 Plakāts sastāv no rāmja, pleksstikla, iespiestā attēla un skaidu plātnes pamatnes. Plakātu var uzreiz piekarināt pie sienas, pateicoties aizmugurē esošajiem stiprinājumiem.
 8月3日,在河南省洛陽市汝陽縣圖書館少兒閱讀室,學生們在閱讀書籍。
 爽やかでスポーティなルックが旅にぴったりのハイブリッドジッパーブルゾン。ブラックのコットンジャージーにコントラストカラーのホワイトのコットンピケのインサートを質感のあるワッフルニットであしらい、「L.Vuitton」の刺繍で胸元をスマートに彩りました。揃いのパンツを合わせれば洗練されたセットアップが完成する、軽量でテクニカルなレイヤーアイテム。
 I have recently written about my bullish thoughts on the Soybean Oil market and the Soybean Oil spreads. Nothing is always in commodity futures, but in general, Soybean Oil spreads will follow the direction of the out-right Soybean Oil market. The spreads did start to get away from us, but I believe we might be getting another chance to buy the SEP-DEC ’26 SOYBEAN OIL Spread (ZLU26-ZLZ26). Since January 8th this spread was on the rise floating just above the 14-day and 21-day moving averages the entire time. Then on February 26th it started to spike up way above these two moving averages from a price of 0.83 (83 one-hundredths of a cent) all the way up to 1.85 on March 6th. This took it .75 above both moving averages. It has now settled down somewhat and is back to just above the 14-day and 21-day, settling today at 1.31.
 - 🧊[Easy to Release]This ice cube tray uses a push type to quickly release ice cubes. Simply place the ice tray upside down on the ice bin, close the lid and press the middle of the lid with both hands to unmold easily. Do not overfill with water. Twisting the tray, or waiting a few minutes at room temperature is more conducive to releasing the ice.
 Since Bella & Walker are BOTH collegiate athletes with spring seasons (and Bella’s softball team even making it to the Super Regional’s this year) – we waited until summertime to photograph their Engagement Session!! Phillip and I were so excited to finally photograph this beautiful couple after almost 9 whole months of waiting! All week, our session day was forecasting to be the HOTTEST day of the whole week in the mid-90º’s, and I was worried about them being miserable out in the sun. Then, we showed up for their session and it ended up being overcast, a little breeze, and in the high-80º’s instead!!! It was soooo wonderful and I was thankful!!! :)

──────────

What you need to do: From the line containing "8月3日,在河南省洛陽市汝陽縣圖書館少兒閱讀室,學生們在閱讀書籍。" down to the line containing "- 🧊[Easy to" in the material above, reproduce every line exactly, including the two end lines.

Answer to the problem:
 8月3日,在河南省洛陽市汝陽縣圖書館少兒閱讀室,學生們在閱讀書籍。
 爽やかでスポーティなルックが旅にぴったりのハイブリッドジッパーブルゾン。ブラックのコットンジャージーにコントラストカラーのホワイトのコットンピケのインサートを質感のあるワッフルニットであしらい、「L.Vuitton」の刺繍で胸元をスマートに彩りました。揃いのパンツを合わせれば洗練されたセットアップが完成する、軽量でテクニカルなレイヤーアイテム。
 I have recently written about my bullish thoughts on the Soybean Oil market and the Soybean Oil spreads. Nothing is always in commodity futures, but in general, Soybean Oil spreads will follow the direction of the out-right Soybean Oil market. The spreads did start to get away from us, but I believe we might be getting another chance to buy the SEP-DEC ’26 SOYBEAN OIL Spread (ZLU26-ZLZ26). Since January 8th this spread was on the rise floating just above the 14-day and 21-day moving averages the entire time. Then on February 26th it started to spike up way above these two moving averages from a price of 0.83 (83 one-hundredths of a cent) all the way up to 1.85 on March 6th. This took it .75 above both moving averages. It has now settled down somewhat and is back to just above the 14-day and 21-day, settling today at 1.31.
 - 🧊[Easy to Release]This ice cube tray uses a push type to quickly release ice cubes. Simply place the ice tray upside down on the ice bin, close the lid and press the middle of the lid with both hands to unmold easily. Do not overfill with water. Twisting the tray, or waiting a few minutes at room temperature is more conducive to releasing the ice.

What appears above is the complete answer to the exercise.